(Items from a data source)
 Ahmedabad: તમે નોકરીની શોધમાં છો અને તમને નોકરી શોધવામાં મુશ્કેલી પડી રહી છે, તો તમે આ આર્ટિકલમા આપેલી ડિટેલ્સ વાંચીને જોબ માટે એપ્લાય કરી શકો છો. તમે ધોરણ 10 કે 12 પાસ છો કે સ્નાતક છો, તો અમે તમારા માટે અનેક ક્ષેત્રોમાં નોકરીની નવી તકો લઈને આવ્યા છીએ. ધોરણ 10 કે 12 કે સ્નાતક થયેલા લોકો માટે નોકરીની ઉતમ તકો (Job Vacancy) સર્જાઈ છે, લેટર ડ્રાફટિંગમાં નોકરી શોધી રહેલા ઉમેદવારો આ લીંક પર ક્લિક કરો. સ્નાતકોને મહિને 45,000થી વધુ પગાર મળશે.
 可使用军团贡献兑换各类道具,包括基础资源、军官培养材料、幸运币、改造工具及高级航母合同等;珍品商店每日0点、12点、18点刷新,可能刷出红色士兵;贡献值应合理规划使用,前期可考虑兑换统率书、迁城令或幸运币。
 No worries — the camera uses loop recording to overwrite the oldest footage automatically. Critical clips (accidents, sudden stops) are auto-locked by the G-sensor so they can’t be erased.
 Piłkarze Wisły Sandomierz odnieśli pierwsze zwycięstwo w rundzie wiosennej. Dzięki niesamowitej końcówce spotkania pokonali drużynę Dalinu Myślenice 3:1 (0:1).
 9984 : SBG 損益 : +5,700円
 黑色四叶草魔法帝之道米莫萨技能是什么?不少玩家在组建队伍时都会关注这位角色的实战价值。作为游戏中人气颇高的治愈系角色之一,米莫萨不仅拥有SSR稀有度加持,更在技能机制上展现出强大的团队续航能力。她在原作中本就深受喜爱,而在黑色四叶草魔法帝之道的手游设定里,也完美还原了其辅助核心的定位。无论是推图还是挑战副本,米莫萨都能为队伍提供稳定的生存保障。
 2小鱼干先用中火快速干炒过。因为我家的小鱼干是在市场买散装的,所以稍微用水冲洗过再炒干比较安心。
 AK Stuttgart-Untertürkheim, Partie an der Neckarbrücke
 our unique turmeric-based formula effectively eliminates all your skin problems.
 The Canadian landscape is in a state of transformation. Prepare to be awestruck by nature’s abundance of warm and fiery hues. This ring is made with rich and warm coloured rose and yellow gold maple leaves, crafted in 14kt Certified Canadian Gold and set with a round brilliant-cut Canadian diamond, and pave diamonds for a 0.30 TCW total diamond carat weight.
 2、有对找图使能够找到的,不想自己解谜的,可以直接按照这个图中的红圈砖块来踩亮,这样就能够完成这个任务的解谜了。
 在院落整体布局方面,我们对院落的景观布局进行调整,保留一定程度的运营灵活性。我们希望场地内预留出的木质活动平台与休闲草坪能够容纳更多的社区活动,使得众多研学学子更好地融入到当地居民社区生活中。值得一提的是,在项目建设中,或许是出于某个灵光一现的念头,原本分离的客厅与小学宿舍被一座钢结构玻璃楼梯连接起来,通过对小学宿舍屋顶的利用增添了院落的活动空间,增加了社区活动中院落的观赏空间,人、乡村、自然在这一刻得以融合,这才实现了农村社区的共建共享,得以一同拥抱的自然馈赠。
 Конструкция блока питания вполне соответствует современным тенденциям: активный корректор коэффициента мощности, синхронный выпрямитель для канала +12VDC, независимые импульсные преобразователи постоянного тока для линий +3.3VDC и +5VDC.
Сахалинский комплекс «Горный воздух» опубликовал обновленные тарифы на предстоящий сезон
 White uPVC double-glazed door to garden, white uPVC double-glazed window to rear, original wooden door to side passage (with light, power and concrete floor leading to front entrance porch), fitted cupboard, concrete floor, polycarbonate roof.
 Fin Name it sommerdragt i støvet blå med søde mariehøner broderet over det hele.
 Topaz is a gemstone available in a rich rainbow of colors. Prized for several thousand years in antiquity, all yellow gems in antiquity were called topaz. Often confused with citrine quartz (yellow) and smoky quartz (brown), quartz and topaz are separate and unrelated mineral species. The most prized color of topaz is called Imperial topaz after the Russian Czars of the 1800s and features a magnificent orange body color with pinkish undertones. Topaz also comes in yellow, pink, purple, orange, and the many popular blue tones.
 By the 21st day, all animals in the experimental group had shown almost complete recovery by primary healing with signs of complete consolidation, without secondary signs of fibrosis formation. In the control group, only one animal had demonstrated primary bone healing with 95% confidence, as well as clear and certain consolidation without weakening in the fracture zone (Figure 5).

◆ TASK DESCRIPTION: What you give back must be the stretch above, starting at the line with "No worries —" and ending at the line with "The Canadian landscape", copied exactly.

◆ OUTPUT BELOW:
 No worries — the camera uses loop recording to overwrite the oldest footage automatically. Critical clips (accidents, sudden stops) are auto-locked by the G-sensor so they can’t be erased.
 Piłkarze Wisły Sandomierz odnieśli pierwsze zwycięstwo w rundzie wiosennej. Dzięki niesamowitej końcówce spotkania pokonali drużynę Dalinu Myślenice 3:1 (0:1).
 9984 : SBG 損益 : +5,700円
 黑色四叶草魔法帝之道米莫萨技能是什么?不少玩家在组建队伍时都会关注这位角色的实战价值。作为游戏中人气颇高的治愈系角色之一,米莫萨不仅拥有SSR稀有度加持,更在技能机制上展现出强大的团队续航能力。她在原作中本就深受喜爱,而在黑色四叶草魔法帝之道的手游设定里,也完美还原了其辅助核心的定位。无论是推图还是挑战副本,米莫萨都能为队伍提供稳定的生存保障。
 2小鱼干先用中火快速干炒过。因为我家的小鱼干是在市场买散装的,所以稍微用水冲洗过再炒干比较安心。
 AK Stuttgart-Untertürkheim, Partie an der Neckarbrücke
 our unique turmeric-based formula effectively eliminates all your skin problems.
 The Canadian landscape is in a state of transformation. Prepare to be awestruck by nature’s abundance of warm and fiery hues. This ring is made with rich and warm coloured rose and yellow gold maple leaves, crafted in 14kt Certified Canadian Gold and set with a round brilliant-cut Canadian diamond, and pave diamonds for a 0.30 TCW total diamond carat weight.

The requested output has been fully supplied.